IHコンロ。おひつと分離すると、普段は隠れているIH操作部が表れる。底面には「量り炊きモード」の要となる重量センサーが配置されている

 なお、上下に分離して上部をおひつとして使うと、給電されないため保温機能が心配になるかもしれないが、側面などに断熱材を入れているという。また、熱伝導性と蓄熱性に優れた銅を内釜にコーティングしていることも、保温には効いている面がある。
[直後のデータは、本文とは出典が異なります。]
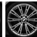
V-spoke styling 626 SA2T0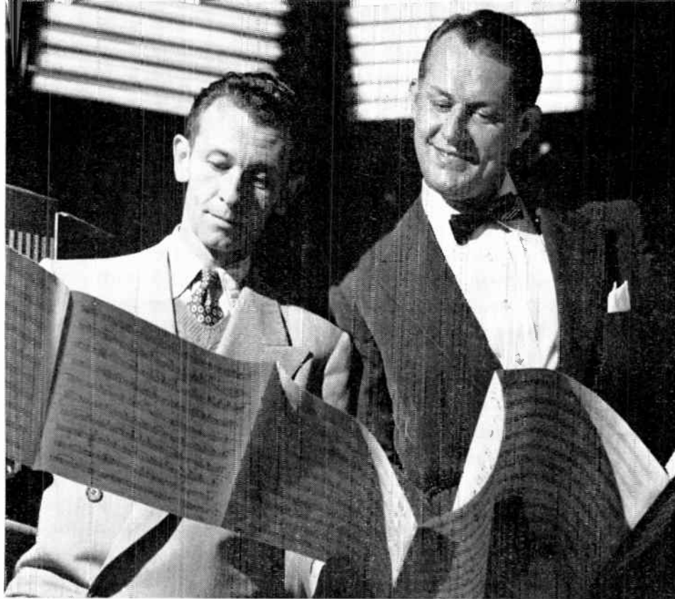
VAUGHN MONROE AND ARRANGER GENE HAMMETT STUDY A SCORE FOR A TV SEQUENCE

加熱源が分離することや3合炊きで長時間保温の必要性が高くないことから、一般的な炊飯器と違い、保温対策のアプローチは異なるものになっている。

■2017年から米家電事業を拡大

 美味しいご飯を炊くための適正水量を銘柄ごとに求めるというのは、気が遠くなるような研究だが、同社が美味しさに強くこだわるのは、米屋という側面もあるからである。米屋がつくる米家電だから、そのこだわりは並大抵のものではない。

 同社は2013年に精米事業に参入し、東北産を中心に多彩な銘柄を扱っている。ホームセンターなどの売場では、米蔵を模した「米蔵売場」で米、炊飯器や精米器といった米家電など、米に関するものを一体で扱う売り方に取り組んでいるほどである。

 そもそも同社は、東日本大震災で大きな被害を受けた宮城県に本社を置いているので、「農業の復興なくして東北の復興はない」という想いが非常に強い。精米事業への参入も、この想いによるものだが、美味しく食べられないことには米の消費は拡大せず、農業の復興は遠い。農業の復興という使命から、美味しいご飯を炊くことにこだわり、米と水の関係を追究してきた。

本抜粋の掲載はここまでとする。